For a change, the twist and turns work. You are kept engaged.
Amitabh Bachchan plays his role to almost perfection, though some times it feels that he is not being challenged enough with such characters. Taapsee Pannu more than holds her ground before the mighty AB. We watching Amitabh Bachchan defending Taapsee Pannu once again after PINK. And Taapsee once again comes out stronger. In Badla, she demonstrates a fine shift in her character and its completely believable.
The Indianisation dose of references to Mahabharata seems overindulgence in the movie. Some of the places, due to the constant discussion between accused ( Taapsee) and her Lawyer ( Amitabh Bachchan), it feels as if the pace slackening. However, the director in the very next moment places another twist in the tale and you are back with him at the location.
Amrita Singh as the mother of Arjun is rock solid in her character.
The story is straightforward. Naina (Taapsee Pannu) is accused of murdering Arjun (Tony Luke). Her lawyer Jimmy (Manav Kaul) hires the senior advocate Badal Gupta (Amitabh Bachchan) to help crack the case and defend Naina. Her confessions to Badal and Badal’s way of questioning or explaining possibilities add excitement to this murder mystery. Here, someone is not telling the truth, and for someone, that truth is all they want.
Badal Gupta is a lawyer who has announced his retirement. He has never lost a case. And Nana’s case is his last one. He is not going to allow it to soil his excellent record.
It’s about Perception.
Everything does not need logic. Cinematic liberties allow for the belief and rationale to be blurred. So, even in Badla, there are instances of these missing details and incomplete explanation. The pace of narration is so good that it does not allow such niggles to stay for long. It interestingly keeps battling with different emerging truths and the resultant shift in perception.

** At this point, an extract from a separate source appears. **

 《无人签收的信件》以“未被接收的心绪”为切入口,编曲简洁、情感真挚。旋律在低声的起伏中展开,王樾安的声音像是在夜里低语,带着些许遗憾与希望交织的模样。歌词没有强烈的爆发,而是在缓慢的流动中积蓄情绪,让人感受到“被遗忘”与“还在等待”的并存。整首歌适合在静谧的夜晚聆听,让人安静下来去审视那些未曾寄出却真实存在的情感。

Now, though by the time film ends, the audience has more or less got the plot. And in trying to outdo the audience guess, the director falters with an ending that hangs like a bad after taste. Its murder of suspense. It’s brutally tripping with disbelief. And that’s what is wrong with the movie.
The predictability of the screenplay dampens the thrills occasionally. The climactic twist asks you for that moment to suspend your disbelief. It is tough to digest.
And still, after that, I recommend you to watch.